See the aggregate image benchmark or inspect the benchmark source code.

Conversion Guide

The conversion usually moves augmentation from tensor batches in the training step into the Dataset/DataLoader preprocessing path.

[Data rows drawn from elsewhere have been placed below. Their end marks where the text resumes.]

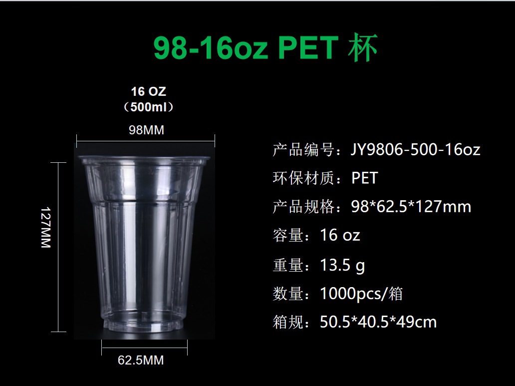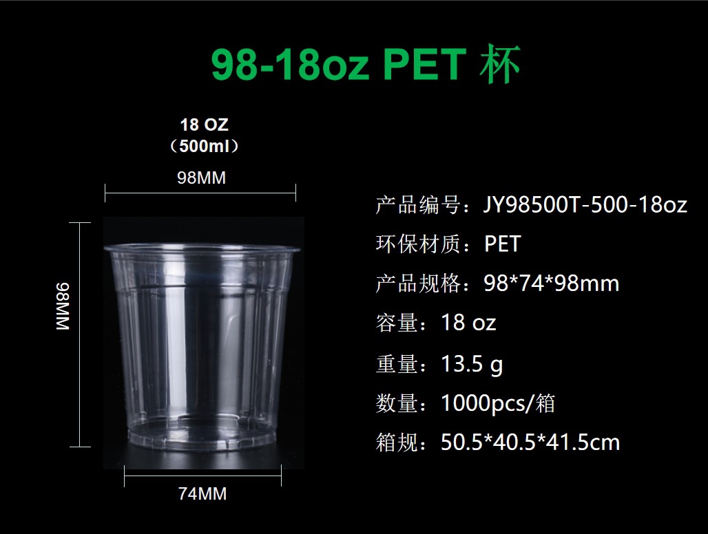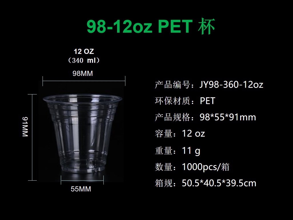 98口径透明一次性咖啡杯奶茶杯 柠檬茶外卖打包杯PET冷饮杯带盖
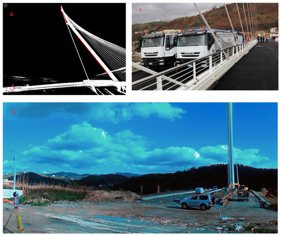 The experiment was performed during the official load test carried out on 17 January 2018, a windy day; a series of trucks of known weight were placed on the deck (Figure 17b).
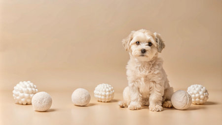 A small, white dog sits in front of a beige background with white balls scattered around it.

Apply AlbumentationsX before converting the sample to a tensor.
Use ToTensorV2 at the end of the pipeline if the model expects PyTorch tensors.
Move per-batch GPU-only transforms to AlbumentationsX only when they do not require differentiability or batched tensor semantics.
Keep Kornia for model-integrated or differentiable computer vision operations.

Kornia

import kornia.augmentation as K
import torch.nn as nn

augment = nn.Sequential(
    K.RandomHorizontalFlip(p=0.5),
    K.ColorJitter(brightness=0.2, contrast=0.2, p=0.5),
)

batch = augment(batch)

AlbumentationsX

import albumentations as A
from albumentations.pytorch import ToTensorV2

transform = A.Compose([
    A.HorizontalFlip(p=0.5),
    A.RandomBrightnessContrast(brightness_limit=0.2, contrast_limit=0.2, p=0.5),
    ToTensorV2(),
])

sample = transform(image=image_np)
image = sample["image"]

Use AlbumentationsX When

CPU-side data augmentation before batching.
Classic supervised CV pipelines with masks, bounding boxes, keypoints, or multiple aligned images.
Workloads where augmentation speed in the input pipeline matters more than differentiability.

Use Kornia When

Differentiable image processing inside PyTorch models.
GPU batched augmentation, especially when the input pipeline is already tensor-native.
Research code that needs gradients through geometric or photometric image operations.